GOUVERNANCE : Le Cyberespace miné par la loi cybercriminalité au Niger
(Niamey – Mercredi 5 Octobre 2022) Dès son adoption en 2019, la loi sur la cybercriminalité au Niger a soulevé un tollé dans le milieu des défenseurs des Droits de l’homme qui la qualifient de « loi liberticide » en ce sens que selon eux, ce texte remet en cause de l’exercice de droits consacrés par le Pacte International relatif aux Droits Civils et Politiques ainsi que par la Constitution du 25 novembre 2010 de l’État du Niger. Déjà en 2014, certaines organisation de la société civile dont Tournons la Page, ROTAB et RAPPAD alertaient l’opinion sur le caractère de « plus en plus répressif de l’arsenal juridique » que le Gouvernement d’alors se préparait à mettre en place.
L’adoption de la loi N°2019-33 du 03 juillet 2019 portant répression de la cybercriminalité au Niger et qui s’applique à l’ensemble des citoyens (journalistes et profanes de la communication) a donné raison aux défenseurs des Droits de l’homme. Pour Ali Idrissa du ROTAB, ce texte remet en cause les droits fondamentaux, les engagements internationaux du pays et l’indépendance de la justice. « Le Niger avance vers une fermeture irréversible de l’espace civique » a-t-il ajouté.

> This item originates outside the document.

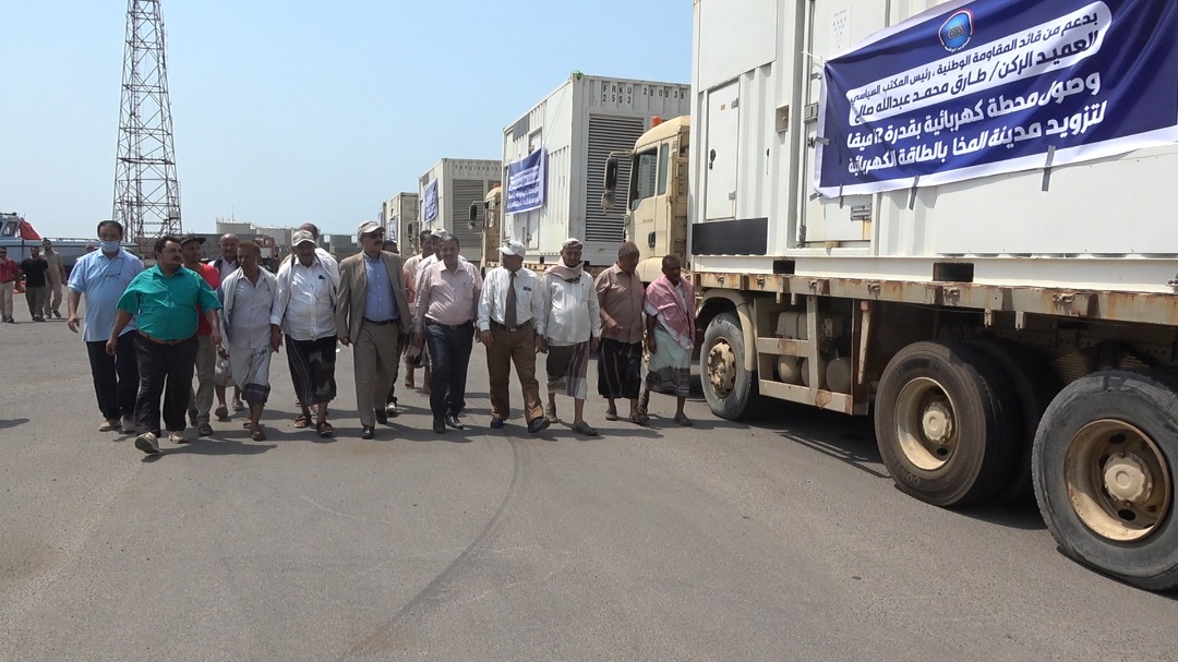 هذا وجرى نقل المولدات من الميناء إلى محطة توليد الكهرباء بمدينة المخا وسط فرحة عارمة بين المواطنين.

« Nous ne sommes plus en sécurité ! » s’inquiète M. Anawar Abdoulaye A. Harouna, Web-activisme. « Comment peut-on véritablement continuer notre activisme citoyen sur internet sans être inquiété dès lors que cette loi est conditionnée à l’utilisation des technologies de l’information et de la communication télévisons numériques, site-web, pages Facebook personnalisées… ? » s’interroge-t-il.
En effet, le texte en question définit la Cybercriminalité comme l’ensemble des infractions pénales qui se commettent au moyen ou sur réseau de télécommunications ou un système d’information. En matière de cybercriminalité, le réseau ou système peuvent être utilisés pour commettre une infraction tout comme l’infraction peut être commise sur le réseau ou système.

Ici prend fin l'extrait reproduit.